I have been using DBT tools for a long time in the same stack with Snowplow. Luckily DBT team had adopted snowplow data model in the DBT plugin: GitHub - fishtown-analytics/snowplow: Data models for snowplow analytics.

However, it is not developed further. I have faced with new snowplow data model in Snowflake loader and have adopted a little bit the DBT pluging. I was looking to add my adoption into plugin repo (Support new snowplow data model · Issue #102 · fishtown-analytics/snowplow · GitHub), but it was not agreed by DBT team.

They notify me Snowplow dev team are going to release their own DBT plugin supporting new data model. So does anyone has information about Snowplow plugin and the data it will be released? Current version of snowplow plugin is outdated and it does not allow to update DBT core module and other plugins. I have found GitHub - snowplow/data-models: Snowplow offically-supported SQL data models for working with Snowplow web and mobile behavioral data. Supports Redshift, Snowflake and BigQuery. it has some kind of bash-sql scripts and manual amendments, but it is quite ugly to use.
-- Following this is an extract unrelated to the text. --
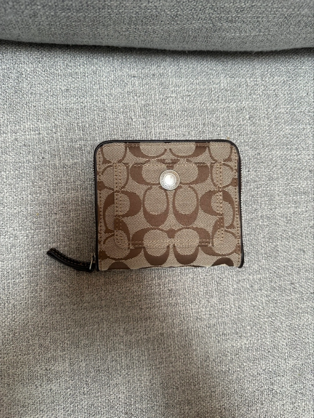 Brown Signature Coach wallet size medium. Features a zipper closure and multiple card slots. Excellent condition.
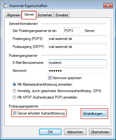 Wechseln Sie auf die Registerkarte Server und setzen Sie nun den Haken bei Server erfordert Authentifizierung. Klicken Sie anschließend auf Einstellungen.

The Fishtown models are quite out of date so I’d leave them for the moment.

re: current data models - there are SQL Runner models available which you can use if you run SQL runner but these won’t work out of the box with dbt. I know that dbt models are currently in development (as of a few days ago). I don’t know the release date for these but I suspect it’ll be within the next quarter or so.

Just to provide a bit more detail on the new dbt Snowplow web package:

  • The beta version should be released within the next couple of weeks.
  • This beta version will initially only support Redshift.
  • BigQuery and Snowflake adapter support will follow over the next couple of months.
    • The package will support the parsing of json context and unstructured event fields such as page_view_id from the contexts_com_snowplowanalytics_snowplow_web_page_1 context.
  • The package is fully incremental, making use of a manifest table to understand which events have been processed already.
  • It is designed in a modular fashion, allowing you to easily add your own custom SQL while leveraging the incremental framework provided by the package.
1 Like

Is this a manifest of all events that have been processed or more akin to a time based watermark out of interest?

Good question - the latter. The manifest table contains one row per model/node from the Snowplow Web dbt package. Every time the package is run we update the manifest with the max collector_tstamp that the given model has consumed. We can then use this information from the manifest to determine the lower and upper timestamp limits of events to process during the next run of the package. This approach helps keep all incremental models within the package in sync, as well as reduce the need to query potentially large tables such as page views to determine the last event processed.

@mike @Will Looks like new model development will be available not so soon. I going to use sql-runner with sql scripts meanwhile.

What I see: old data model and new one approach has different number of tables. Similar table has difference in columns count and naming. Is there any approach how could I transfer old data created over old data model into the new one? Migration is quite critical to avoid losing old collected data.